Here is where we can begin to tie this decision with the one on DSL. On Friday, Clement voided the CRTC decision from earlier this year that the incumbents will need to extend GAS (Gateway Access Service) to technologies that support higher data rates. My view is that both decisions by Clement were united by one policy objective, and one that I've discussed in earlier articles: to promote facilities-based competition, not competition by forcing sharing of incumbents' networks. Globalive is building telecommunications infrastructure, and the government wants exactly this. GAS encourages the opposite by extending ISPs' abilities to stay in business with minimal network investment while discouraging incumbents from investing in infrastructure since the return on their investment will be reduced.
"With access to advanced broadband services denied, MTS and small ISPs are now under pressure to invest more in their own infrastructure."As a broadband consumer who uses an ISP that takes advantage of GAS, this decision is not to my personal advantage. Even so, I have to recognize that in the long run it is to the benefit of the country. There can be no guarantee of this: the decision reduces competitive options for consumers today, but it is merely neutral on creating investment incentives for ISPs other than those operated by the incumbents. That is, Clement's decision limits ISP dependence on the incumbents' networks but provides no other specific incentive to invest, except insofar as they may feel compelled to do so if they wish to remain viable well into the future.
I will now return to the Globalive decision's implications on Canadian ownership and control of telecommunications networks and services to better understand the future implications. Some believe we are on a slippery slope to seeing this and other critical infrastructure open to being acquired by foreigners.
"It has established an enormous precedent going forward as to how people are supposed to interpret our Canadian ownership laws," said Michael Hennessy, [Telus] senior vice-president of regulatory and government affairs.I disagree with this sentiment. The present law only made sense when the industry was run by monopolies or at most two or three major corporations.
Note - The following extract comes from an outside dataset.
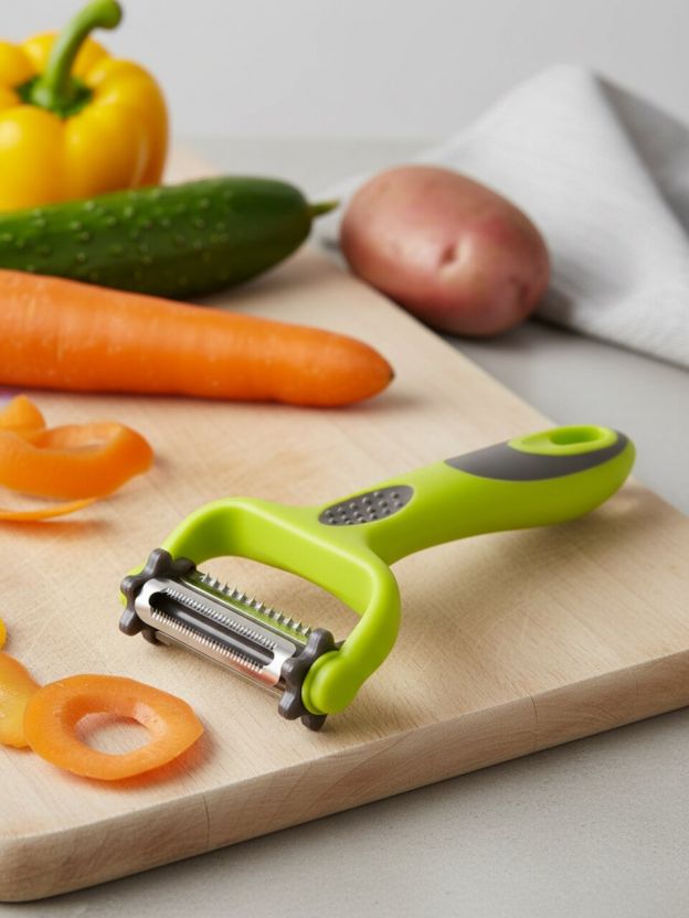 Удобна для чистки картофеля, моркови, огурцов, яблок и других овощей и фруктов — как дома, так и на даче.

For the purpose of national security and economic stability, in the past we did need to prevent foreign control of these companies. (Students of history will know that this was not always true since Bell Canada, BC Tel and others were foreign-controlled at times, and no catastrophes ensued because of this.) However, with competition it is less important that each individual company be Canadian owned and controlled: if Globalive defaults on their debt and Orascom takes it over, the overall wireless industry will still be majority owned and controlled by Canadians.
It is correct to ask what is to become of the ownership and control requirements contained within the Telecommunications Act. Perhaps the right solution is to require that some threshold percentage of each critical industry segment -- wired and wireless -- be Canadian owned and controlled in aggregate. This suggestion has its own difficulties but may be preferable to the present law, and it could provide a workable balance between promoting competition and protecting the national interest.
It will be interesting to see if this government opens up the law to amendment. I don't think it's a priority of theirs, so for the time being they may be content to deal with related issues ad hoc. I doubt that the government much cares for the sensibilities of the CRTC Commissioners and will think nothing of overruling them again in future.